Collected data
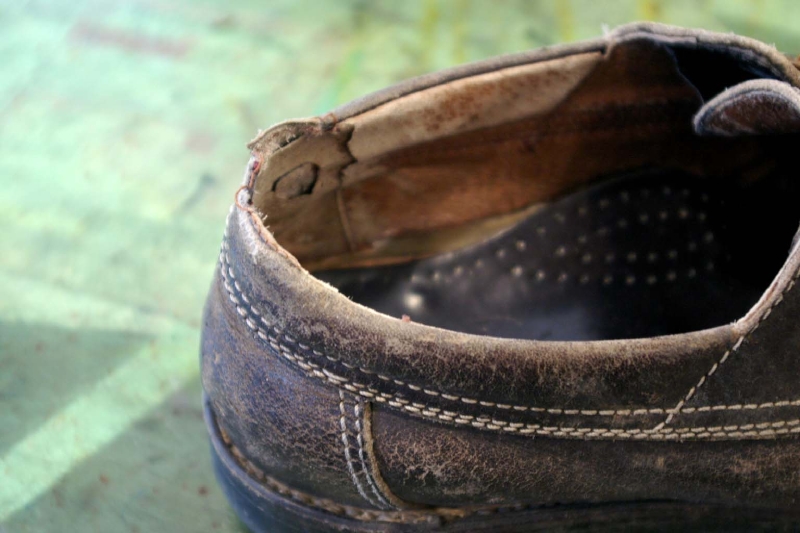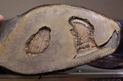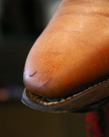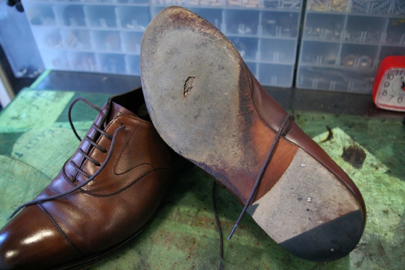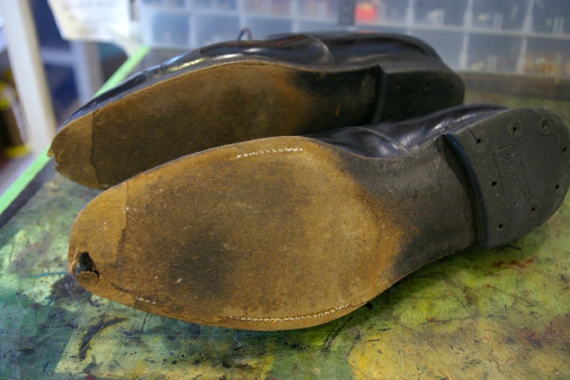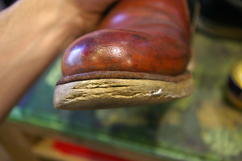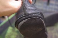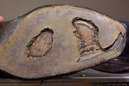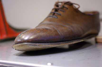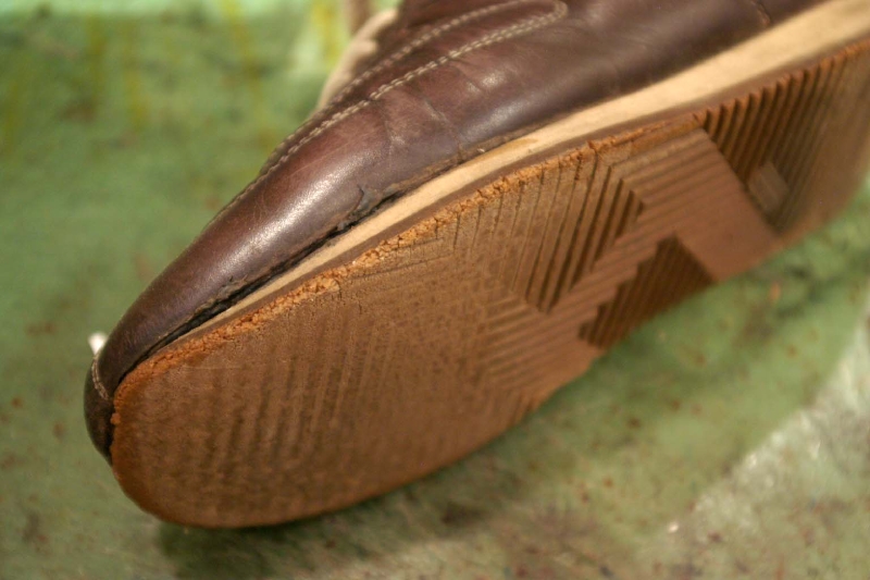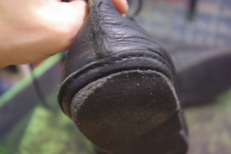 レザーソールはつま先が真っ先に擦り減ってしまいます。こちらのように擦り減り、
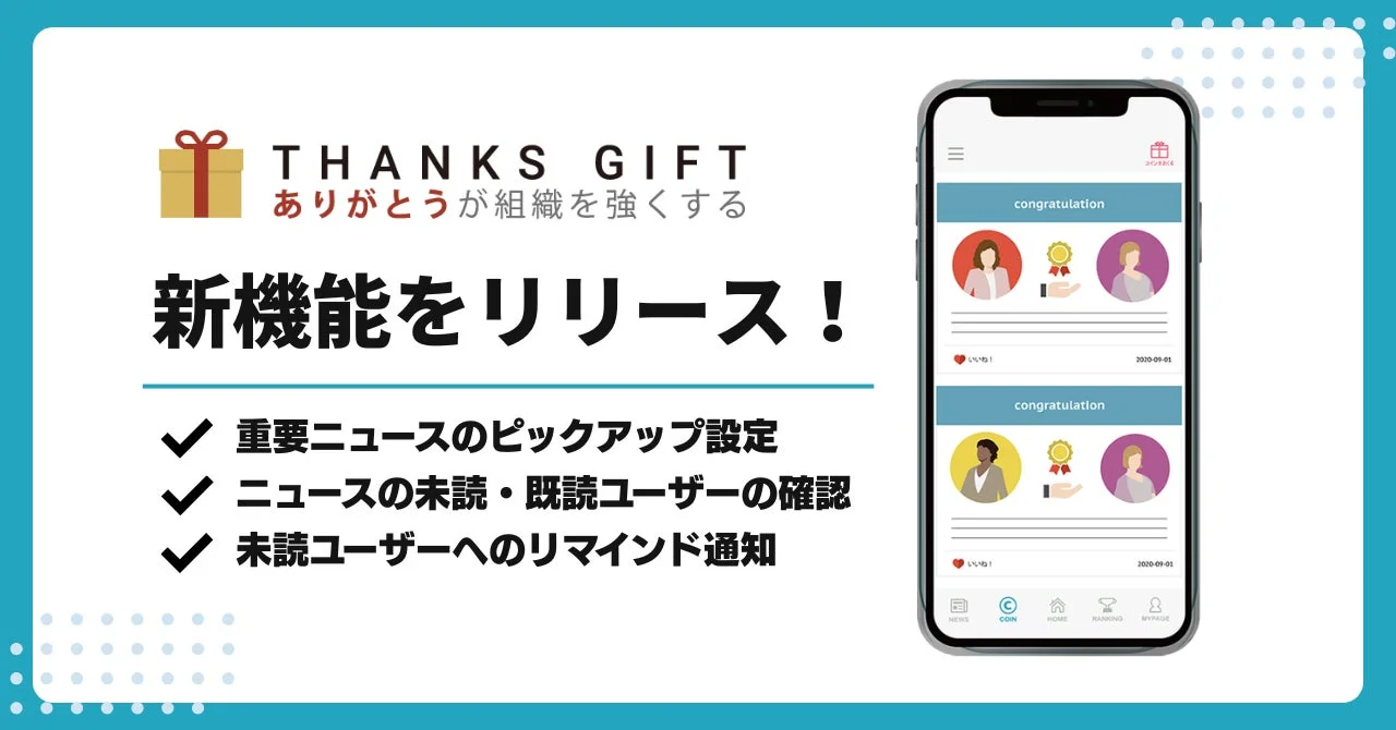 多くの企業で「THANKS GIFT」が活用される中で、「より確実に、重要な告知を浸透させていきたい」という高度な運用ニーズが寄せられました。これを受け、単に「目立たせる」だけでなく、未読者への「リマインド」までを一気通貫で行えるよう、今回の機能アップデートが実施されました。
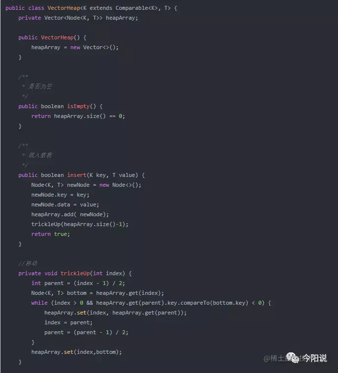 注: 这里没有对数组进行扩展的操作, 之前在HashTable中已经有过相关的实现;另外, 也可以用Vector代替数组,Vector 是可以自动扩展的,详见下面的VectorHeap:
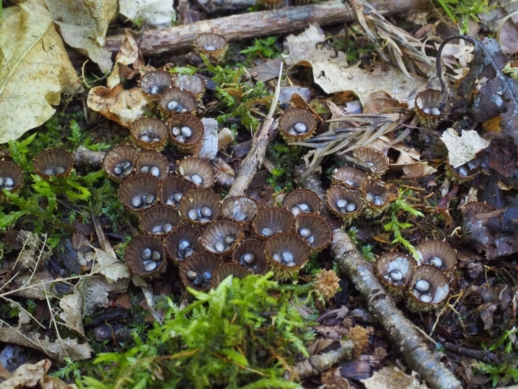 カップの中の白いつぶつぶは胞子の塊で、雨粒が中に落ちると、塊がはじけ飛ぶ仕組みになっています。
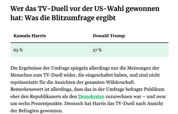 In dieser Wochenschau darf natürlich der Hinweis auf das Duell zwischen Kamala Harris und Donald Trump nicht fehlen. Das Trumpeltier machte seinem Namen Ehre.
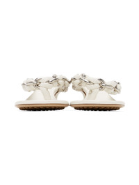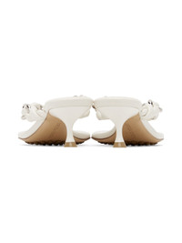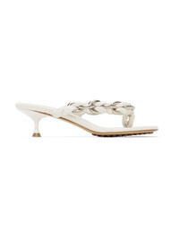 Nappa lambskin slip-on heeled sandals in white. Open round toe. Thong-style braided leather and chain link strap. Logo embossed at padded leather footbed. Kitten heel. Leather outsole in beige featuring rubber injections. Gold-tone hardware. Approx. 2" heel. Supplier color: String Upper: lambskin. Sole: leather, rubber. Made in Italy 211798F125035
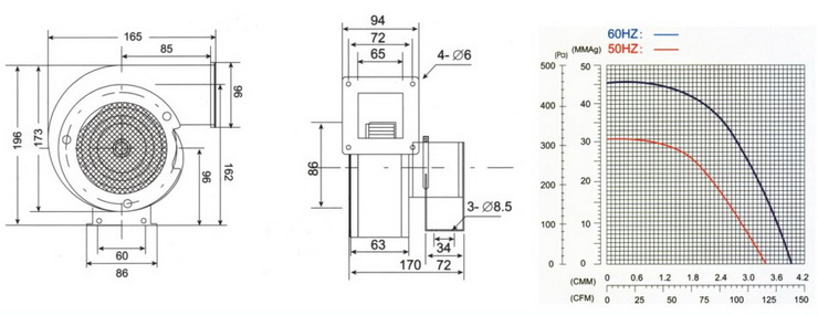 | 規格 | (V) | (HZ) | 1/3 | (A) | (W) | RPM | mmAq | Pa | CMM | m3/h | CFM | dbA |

(Exercise goal): Would you retype every record above exactly, leaving out the pictures?

(Solution for this task):
 レザーソールはつま先が真っ先に擦り減ってしまいます。こちらのように擦り減り、
 多くの企業で「THANKS GIFT」が活用される中で、「より確実に、重要な告知を浸透させていきたい」という高度な運用ニーズが寄せられました。これを受け、単に「目立たせる」だけでなく、未読者への「リマインド」までを一気通貫で行えるよう、今回の機能アップデートが実施されました。
 注: 这里没有对数组进行扩展的操作, 之前在HashTable中已经有过相关的实现;另外, 也可以用Vector代替数组,Vector 是可以自动扩展的,详见下面的VectorHeap:
 カップの中の白いつぶつぶは胞子の塊で、雨粒が中に落ちると、塊がはじけ飛ぶ仕組みになっています。
 In dieser Wochenschau darf natürlich der Hinweis auf das Duell zwischen Kamala Harris und Donald Trump nicht fehlen. Das Trumpeltier machte seinem Namen Ehre.
 Nappa lambskin slip-on heeled sandals in white. Open round toe. Thong-style braided leather and chain link strap. Logo embossed at padded leather footbed. Kitten heel. Leather outsole in beige featuring rubber injections. Gold-tone hardware. Approx. 2" heel. Supplier color: String Upper: lambskin. Sole: leather, rubber. Made in Italy 211798F125035
 | 規格 | (V) | (HZ) | 1/3 | (A) | (W) | RPM | mmAq | Pa | CMM | m3/h | CFM | dbA |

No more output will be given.